However, GM is seeing improvement in the current quarter and expects additional supplies in the first three months of 2022.
GM has said it expects to produce about 200,000 fewer vehicles in the second half of this year compared with the first half, with most of the impact occurring from July through September.
Barra said she's spoken with the CEOs of most major chip makers, and the companies are working on strategies to make sure the shortages don't happen again. “I think we'll definitely see changes to ensure we have the right supply,” she said.
GM's profit came even though U.S. third-quarter sales were almost 33% lower than a year ago. The company lost 3.8 percentage points of U.S. market share, according to the Edmunds.com website.

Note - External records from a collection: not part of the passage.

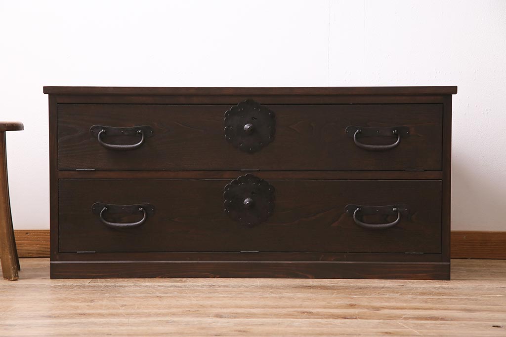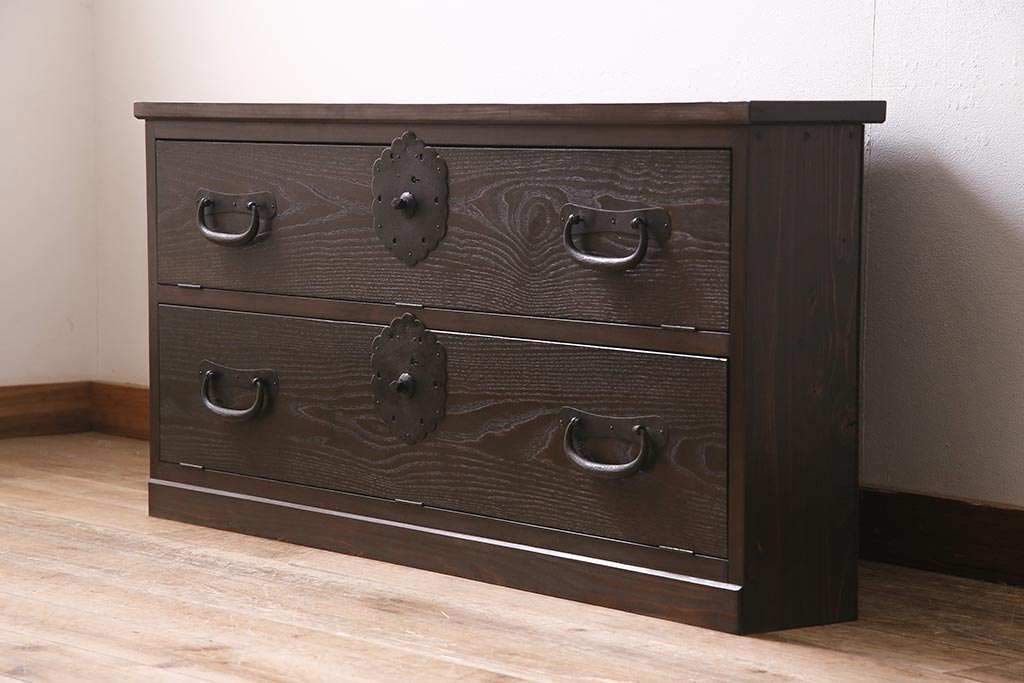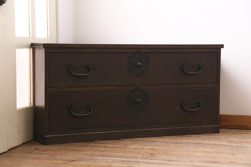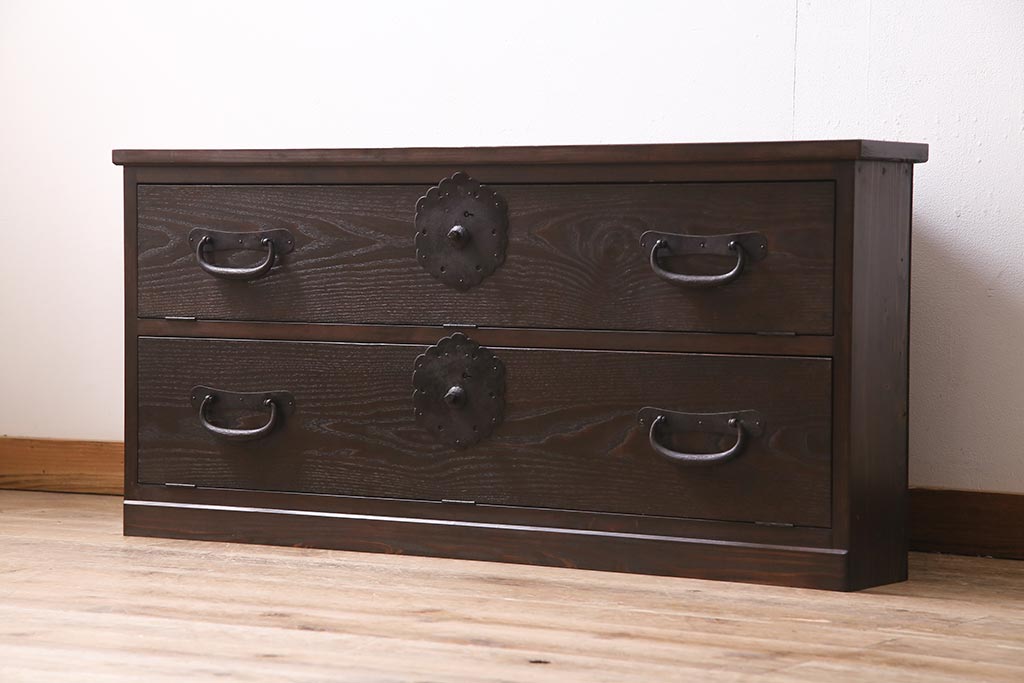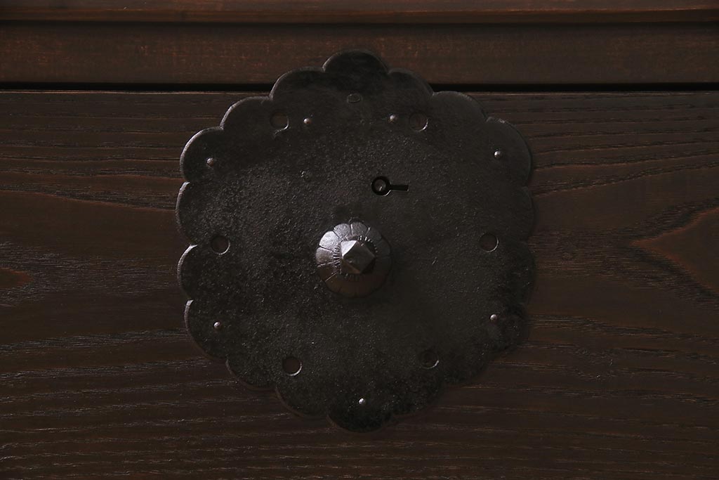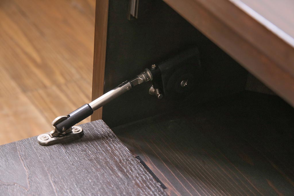 ラフジュ工房> キャビネット・戸棚> テレビ台・ローボード > ラフジュ工房オリジナル 古金具リメイク 前板栗材 ヒノキ材 フラップダウン扉が使いやすい和モダンなコーナーテレビ台(キャビネット、テレビボード、収納棚)(R-044728)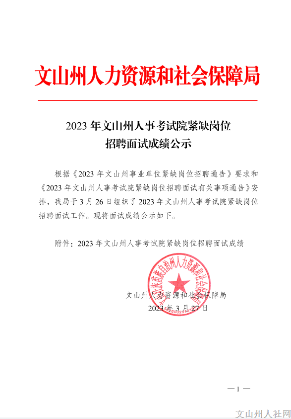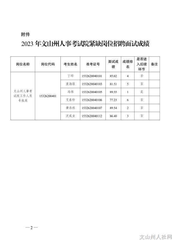 2023年文山州人事考試院緊缺崗位招聘面試成績(jī)公示
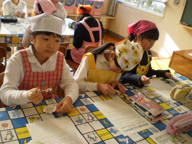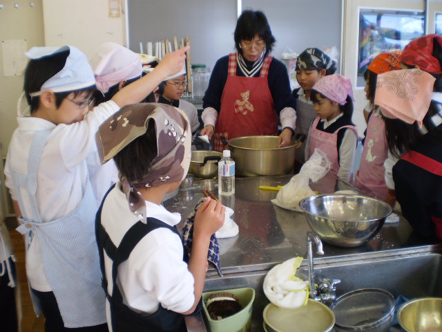 3年生は、国語で「すがたを変える大豆」という説明文を勉強しました。その中で、大豆が豆腐になることを、実際体験してみようということで、4年生の総合的な学習に一緒に参加しました。
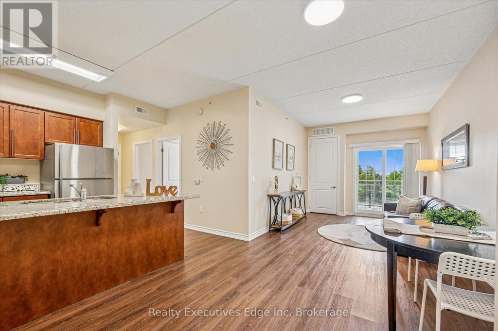 Move-in-ready 2-bedroom, 1-bathroom condo with 834 sq. ft. (IGuide). This bright, open-concept unit has 9-foot ceilings and vinyl flooring throughout-no carpet! The kitchen features granite countertops, stainless steel appliances, rich cabinets, and a breakfast bar. The dining area is next to the kitchen, and the sunny living room opens to a south-facing balcony with great views.Both bedrooms are spacious with closets, and the 4-piece bathroom includes a vanity and tub/shower combo. laundry closet (washer and dryer replaced in 2018). The unit also includes an owned underground parking spot, a locker on the same floor, and low condo fees that cover water.No rental items. Water heater owned. Close to the University of Guelph, and easy access to Hwy 401. Don't miss this stylish, affordable South End condo-book your showing today! (id:6289)

But Barra said she expects GM's market share to bounce back when factories get back to normal production. “We are selling everything we can. I wish we had more vehicles,” she said.
Consumer willingness to pay high prices for scarce new vehicles kept the money flowing for GM. The average sale price paid for a GM vehicle topped $50,000 for the quarter, up more than 16% from a year ago, Edmunds said. Barra said that once supplies grow, she expects the high prices to ease.
With the expected improvement in chip supplies, GM increased its full-year net income guidance to a range of $8.1 billion to $9.6 billion. In the second quarter it had forecast $7.7 billion to $9.2 billion for the year.
Shares of GM fell 4% to $55.11 in Wednesday afternoon trading. Ford fell 1.8% to $15.67.